◆ **WHAT THE TASK ASKS**:
A verbatim copy is needed of the lines below from the one containing "Florale Gallonspitze und" up to and including the one containing "まるで森にいるように感じるほど開放的な、岩に囲まれた露天風呂です。", excluding pictures.

◆ **DATA TO EXAMINE**:
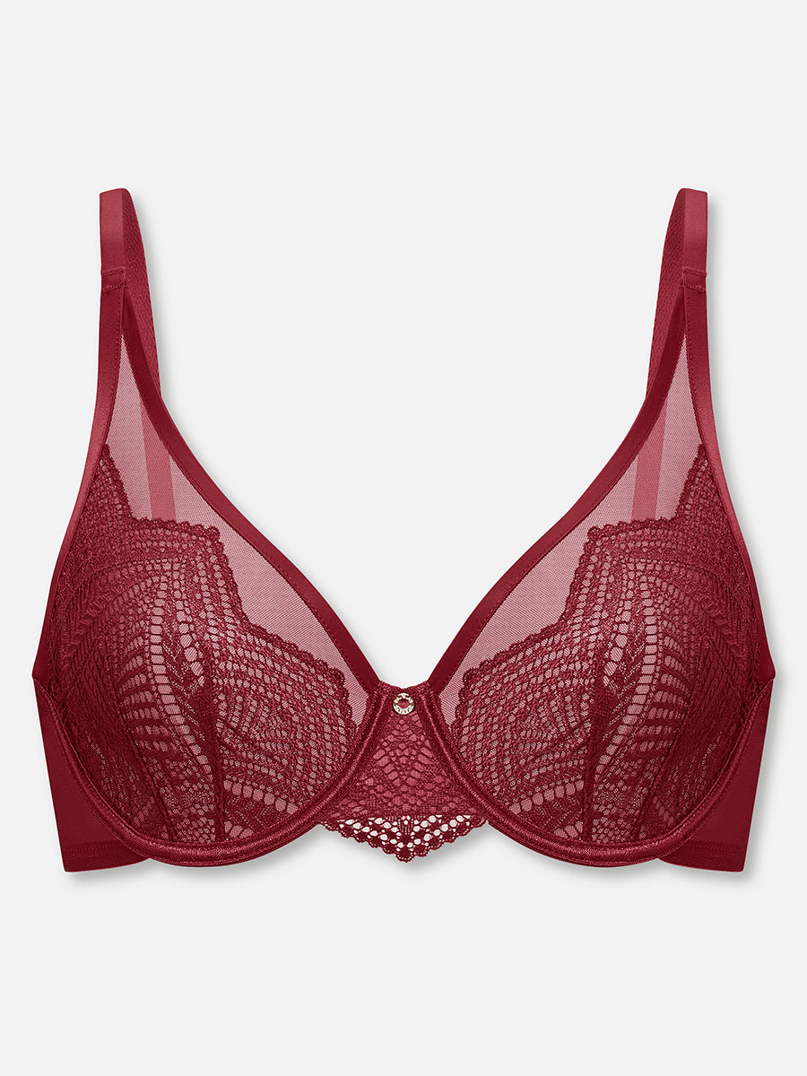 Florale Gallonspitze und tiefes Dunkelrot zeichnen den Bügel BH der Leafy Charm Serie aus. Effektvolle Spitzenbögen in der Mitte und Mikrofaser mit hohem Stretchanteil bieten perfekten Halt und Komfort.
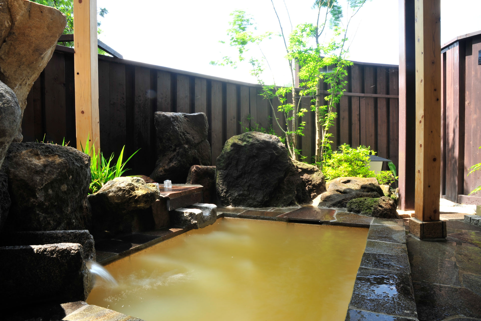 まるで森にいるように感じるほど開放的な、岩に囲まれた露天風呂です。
* * *
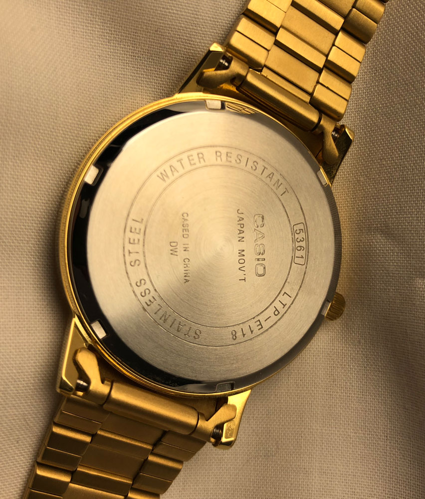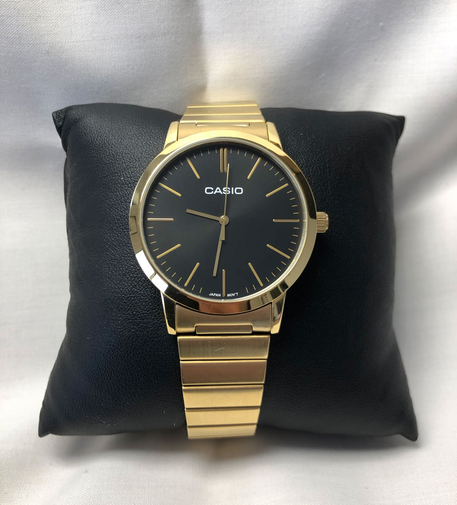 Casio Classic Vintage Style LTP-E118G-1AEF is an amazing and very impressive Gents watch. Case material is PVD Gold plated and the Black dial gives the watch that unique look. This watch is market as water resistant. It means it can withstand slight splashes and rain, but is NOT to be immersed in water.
...
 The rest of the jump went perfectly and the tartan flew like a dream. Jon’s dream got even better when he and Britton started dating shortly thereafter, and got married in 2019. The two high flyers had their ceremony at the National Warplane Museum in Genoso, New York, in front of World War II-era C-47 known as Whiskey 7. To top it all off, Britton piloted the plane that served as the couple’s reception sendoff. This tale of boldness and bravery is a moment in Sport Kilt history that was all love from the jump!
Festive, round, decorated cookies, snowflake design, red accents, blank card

◆ **RESPONSE TO THE TASK**:
 Florale Gallonspitze und tiefes Dunkelrot zeichnen den Bügel BH der Leafy Charm Serie aus. Effektvolle Spitzenbögen in der Mitte und Mikrofaser mit hohem Stretchanteil bieten perfekten Halt und Komfort.
 まるで森にいるように感じるほど開放的な、岩に囲まれた露天風呂です。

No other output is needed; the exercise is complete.